[[ RECORD SET open ]]

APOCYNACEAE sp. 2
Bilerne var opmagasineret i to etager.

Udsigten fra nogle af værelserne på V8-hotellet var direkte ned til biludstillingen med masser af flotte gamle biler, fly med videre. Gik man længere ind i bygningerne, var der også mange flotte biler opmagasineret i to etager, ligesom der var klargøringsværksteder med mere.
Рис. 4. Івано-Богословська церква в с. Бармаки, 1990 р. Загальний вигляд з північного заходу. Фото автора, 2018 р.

[[ RECORD SET closed ]]
[[ RECORD SET open ]]

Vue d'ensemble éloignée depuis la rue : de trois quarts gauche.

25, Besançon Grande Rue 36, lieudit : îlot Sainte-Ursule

[[ RECORD SET closed ]]
[[ RECORD SET open ]]

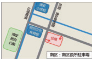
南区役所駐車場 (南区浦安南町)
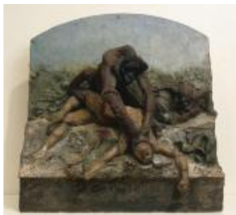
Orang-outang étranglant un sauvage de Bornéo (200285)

[[ RECORD SET closed ]]

§ **YOUR TASK**: As listed above, the lines from the line with "APOCYNACEAE sp. 2" to the line with "Рис. 4. Івано-Богословська" are to be echoed exactly, with both ends included and nothing added.

§ **EXPECTED OUTPUT**:
APOCYNACEAE sp. 2
Bilerne var opmagasineret i to etager.

Udsigten fra nogle af værelserne på V8-hotellet var direkte ned til biludstillingen med masser af flotte gamle biler, fly med videre. Gik man længere ind i bygningerne, var der også mange flotte biler opmagasineret i to etager, ligesom der var klargøringsværksteder med mere.
Рис. 4. Івано-Богословська церква в с. Бармаки, 1990 р. Загальний вигляд з північного заходу. Фото автора, 2018 р.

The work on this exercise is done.